As depicted, a ground truth signal 700 representing a ground truth higher-resolution image is received. Ground truth signal 700 is provided to a downsampler 128 to apply downscaling (also called downsampling) to the ground truth image. In the depicted embodiment, downsampler 128 applies downscaling using bicublic downsampling. In other embodiments, downsampler 128 applies another type of downscaling such as Lanczos, bilinear, or the like. The factor by which downsampler 128 applies downscaling matches the factor of the desired upscaling.


Downssampler 128 outputs a downscaled signal 702 representing a downscaled version of the ground truth image. Downscaled signal 702 is provided to both upsampler 122 and neural network 124. Upsampler 122 performs upscaling on downscaled signal 702 to generate an upscaled signal 704 representing a version of the ground truth image upscaled using interpolation. In particular, upscaled signal 704 represents a version of the ground truth image having the same resolution as the original ground truth image (signal 700).


Upscaled signal 704 is subtracted from ground truth signal 700 to arrive at a residue signal 706, which represents a residue between the original ground truth image and the ground truth image downscaled and then upscaled using interpolation. Neural network 124 maps downscaled signal 702 to a predicted residue signal 708 representing a prediction of the residue.

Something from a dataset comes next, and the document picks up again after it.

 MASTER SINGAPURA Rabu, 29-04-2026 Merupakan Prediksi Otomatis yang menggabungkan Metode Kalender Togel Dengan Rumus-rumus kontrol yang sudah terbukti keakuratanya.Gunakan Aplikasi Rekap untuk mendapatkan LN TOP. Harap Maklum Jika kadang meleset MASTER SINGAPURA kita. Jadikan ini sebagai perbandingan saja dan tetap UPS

Loss calculator 126 receives residue signal 706 and predicted residue signal 708 and calculates a loss. In the depicted embodiment, the loss is calculated as a L1-norm loss. In some embodiments, the loss is calculated as a Ln-norm loss or a suitable variation thereof. In some embodiments, the loss is calculated as another type of dual reference loss. In some embodiments, the loss is based on a PSNR (Peak Signal-to-Noise Ratio) or similar metric.


In some embodiments, the loss is calculated as a perceptual loss. In some embodiments, the predicted residue signal 708 is added to an upscaled signal 704 to calculate perceptual loss on a reconstructed image. In some embodiments, a perceptual loss is calculated on the predicted residue signal 708 itself.

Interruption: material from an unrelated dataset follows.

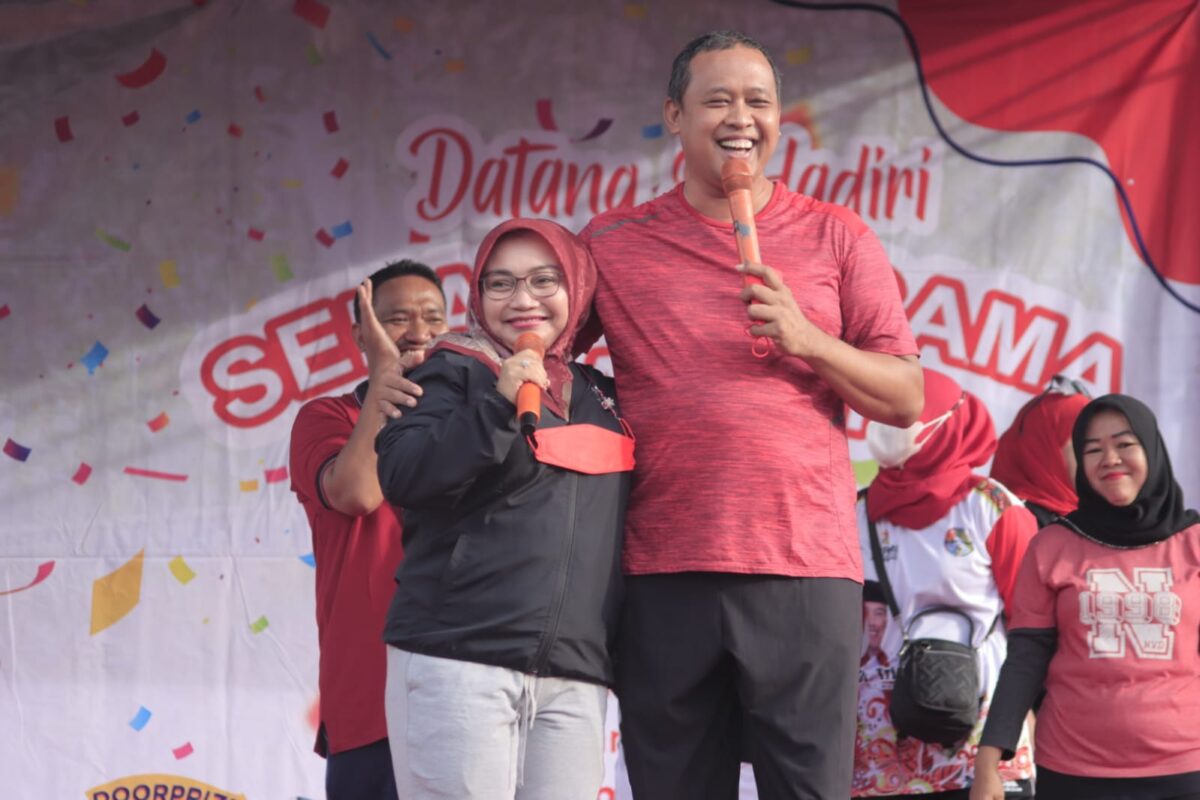 KOTA BEKASI – Plt. Wali Kota Bekasi Tri Adhianto dengan didampingi Ketua PKK Kota Bekasi Wiwiek Hargono manfaatkan akhir pekan dengan melakukan senam bersama warga masyarakat Bekasi Utara diarea lapangan Kecamatan Bekasi Utara, Sabtu (19/11).

Trainer 126 trains neural network 124 by adjusting the parameters of neural network 124 to minimize the calculated loss. In the depicted embodiment, these parameters are adjusted using back propagation. In some embodiments, back propagation may be used in combination with gradient descent.

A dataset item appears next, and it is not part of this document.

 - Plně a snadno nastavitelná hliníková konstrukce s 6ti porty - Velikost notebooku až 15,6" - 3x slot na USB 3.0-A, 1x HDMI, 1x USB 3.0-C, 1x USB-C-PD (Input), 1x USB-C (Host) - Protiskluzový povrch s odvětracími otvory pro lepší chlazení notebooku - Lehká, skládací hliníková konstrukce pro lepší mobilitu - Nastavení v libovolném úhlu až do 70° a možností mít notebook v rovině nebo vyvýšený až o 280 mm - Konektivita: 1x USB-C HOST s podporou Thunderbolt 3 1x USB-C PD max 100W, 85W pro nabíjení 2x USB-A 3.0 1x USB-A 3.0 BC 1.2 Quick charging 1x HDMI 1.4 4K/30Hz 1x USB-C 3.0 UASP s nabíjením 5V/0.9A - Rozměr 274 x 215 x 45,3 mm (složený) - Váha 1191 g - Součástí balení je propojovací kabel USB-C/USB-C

FIG. 8 is a schematic diagram of training performed by trainer 126 on neural network 124 that is a GAN generator, in accordance with an embodiment. Training is similar to that described with reference to FIG. 7; however, loss calculator 126 is replaced by a GAN discriminator 128, namely, a neural network trained to distinguish between residue signals 706 and predicted residue signals 708.


During training, discriminator 128 is alternatingly presented with residue signals 706 and predicted residue signals 708 generated by neural network 124, and learns to determine the likelihood of a given residue being a residue signal 706 or a predicted residue signal 708. Training discriminator 128 and neural network 124 (as generator) at the same time provides synergistic effects. While discriminator 128 gets better at distinguishing between residue signals 706 and predicted residue signals 708, neural network 124 becomes better at generating more credible predicted residue signals 708 to trick discriminator 128. Analogously, the better neural network 124 becomes at generating predicted residue signals 708, the more accurate discriminator 128 must become at distinguishing them from residue signals 706. As shown in FIG. 8, discriminator 128 provides error feedback signal 710 to itself when it makes an incorrect determination, and provides error feedback signal 712 to neural network 124 when it correctly identifies a predicted residue 708 as such.



FIG. 9 is a schematic diagram of training performed by trainer 126 on neural network 124 that is a GAN generator that utilizes a pre-trained network, in accordance with an embodiment. Training is similar to that described with reference to FIG. 8; however, GAN discriminator 128 is replaced by a GAN discriminator 128′.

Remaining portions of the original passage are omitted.